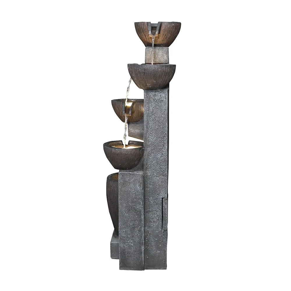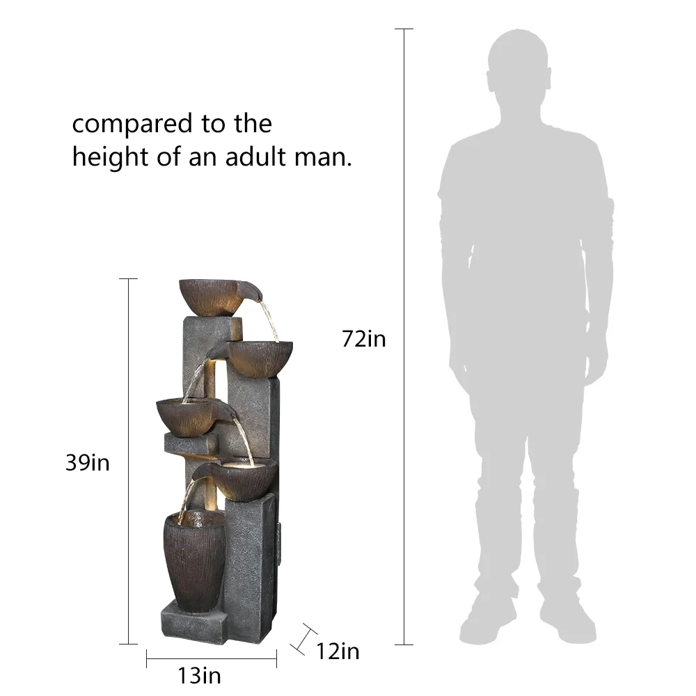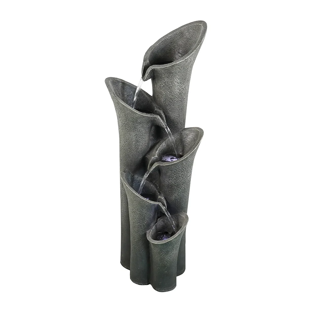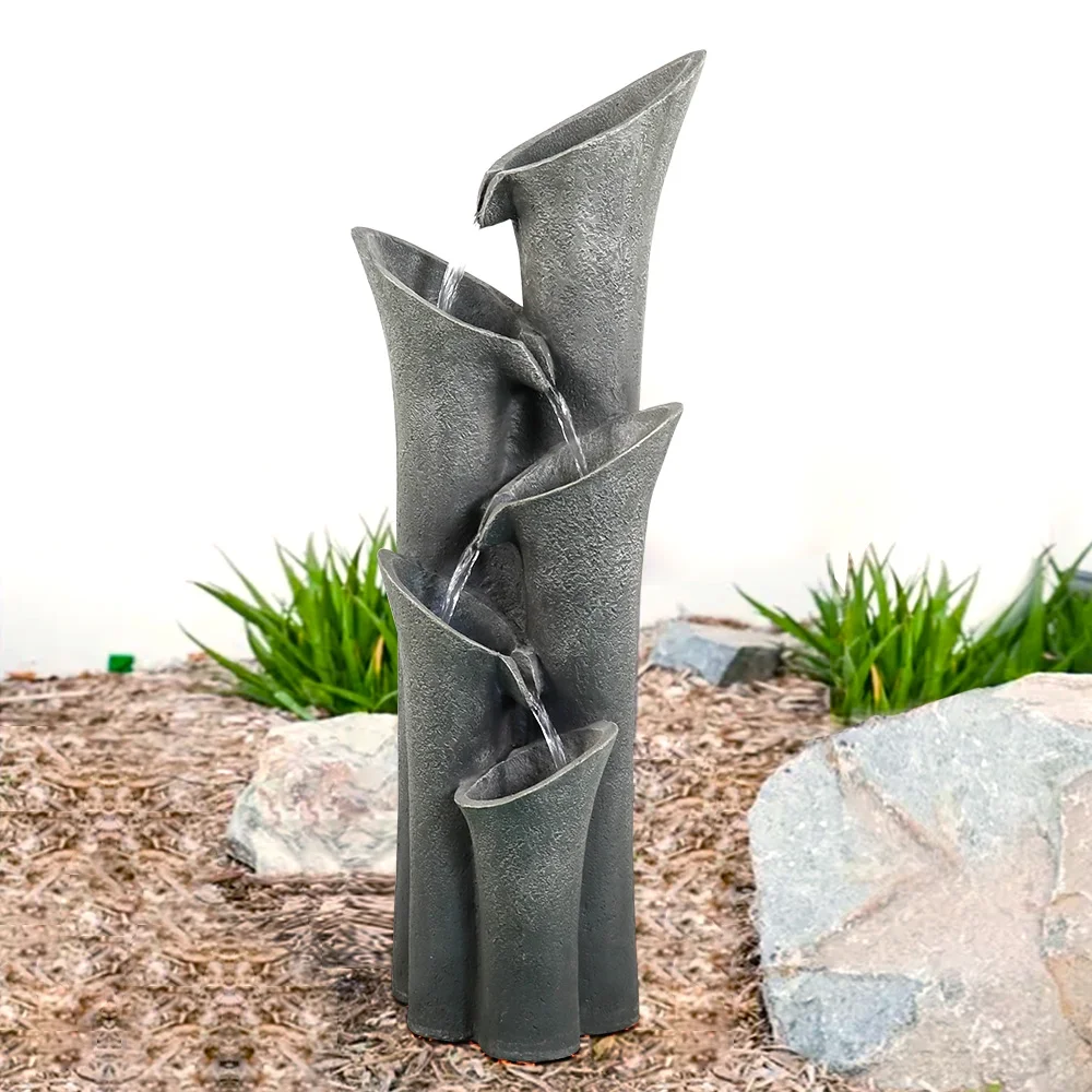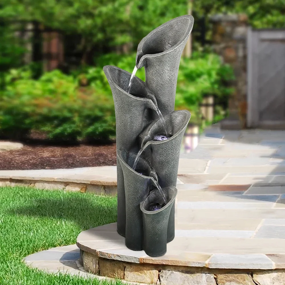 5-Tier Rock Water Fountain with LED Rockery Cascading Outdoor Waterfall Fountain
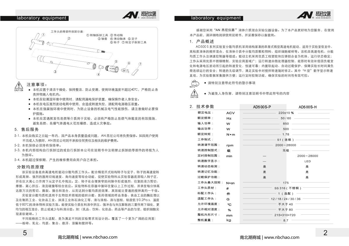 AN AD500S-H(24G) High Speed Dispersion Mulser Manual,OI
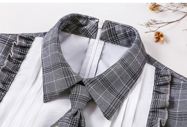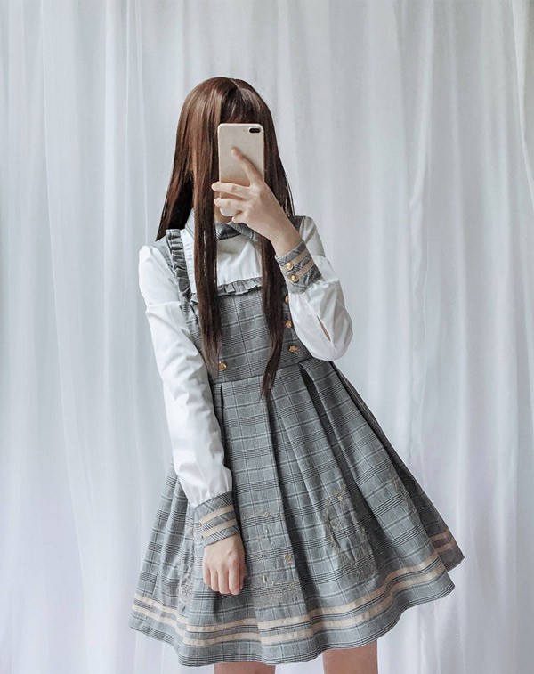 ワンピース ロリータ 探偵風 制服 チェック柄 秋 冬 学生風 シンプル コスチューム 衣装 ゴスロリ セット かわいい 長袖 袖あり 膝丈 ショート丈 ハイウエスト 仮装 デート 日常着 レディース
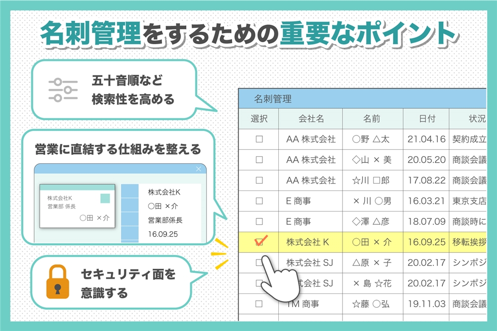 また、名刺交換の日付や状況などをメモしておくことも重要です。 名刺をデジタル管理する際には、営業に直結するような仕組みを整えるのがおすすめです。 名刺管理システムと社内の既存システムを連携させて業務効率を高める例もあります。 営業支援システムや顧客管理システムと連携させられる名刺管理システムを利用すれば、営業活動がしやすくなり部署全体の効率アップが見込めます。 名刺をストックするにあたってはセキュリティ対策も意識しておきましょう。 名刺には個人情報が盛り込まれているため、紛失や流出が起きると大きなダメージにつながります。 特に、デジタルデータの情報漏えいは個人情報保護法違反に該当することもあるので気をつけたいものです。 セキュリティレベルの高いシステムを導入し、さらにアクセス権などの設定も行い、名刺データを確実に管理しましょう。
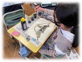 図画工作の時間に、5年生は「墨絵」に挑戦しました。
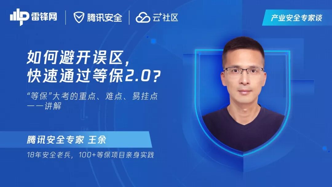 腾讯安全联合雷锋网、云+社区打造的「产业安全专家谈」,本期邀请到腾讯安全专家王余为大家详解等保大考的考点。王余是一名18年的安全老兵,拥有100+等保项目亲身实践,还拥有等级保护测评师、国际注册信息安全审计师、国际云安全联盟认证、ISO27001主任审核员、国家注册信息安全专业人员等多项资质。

What you are asked to do:
Could you repeat the listing above exactly, omitting its pictures?

Solution below:
 5-Tier Rock Water Fountain with LED Rockery Cascading Outdoor Waterfall Fountain
 AN AD500S-H(24G) High Speed Dispersion Mulser Manual,OI
 ワンピース ロリータ 探偵風 制服 チェック柄 秋 冬 学生風 シンプル コスチューム 衣装 ゴスロリ セット かわいい 長袖 袖あり 膝丈 ショート丈 ハイウエスト 仮装 デート 日常着 レディース
 また、名刺交換の日付や状況などをメモしておくことも重要です。 名刺をデジタル管理する際には、営業に直結するような仕組みを整えるのがおすすめです。 名刺管理システムと社内の既存システムを連携させて業務効率を高める例もあります。 営業支援システムや顧客管理システムと連携させられる名刺管理システムを利用すれば、営業活動がしやすくなり部署全体の効率アップが見込めます。 名刺をストックするにあたってはセキュリティ対策も意識しておきましょう。 名刺には個人情報が盛り込まれているため、紛失や流出が起きると大きなダメージにつながります。 特に、デジタルデータの情報漏えいは個人情報保護法違反に該当することもあるので気をつけたいものです。 セキュリティレベルの高いシステムを導入し、さらにアクセス権などの設定も行い、名刺データを確実に管理しましょう。
 図画工作の時間に、5年生は「墨絵」に挑戦しました。
 腾讯安全联合雷锋网、云+社区打造的「产业安全专家谈」,本期邀请到腾讯安全专家王余为大家详解等保大考的考点。王余是一名18年的安全老兵,拥有100+等保项目亲身实践,还拥有等级保护测评师、国际注册信息安全审计师、国际云安全联盟认证、ISO27001主任审核员、国家注册信息安全专业人员等多项资质。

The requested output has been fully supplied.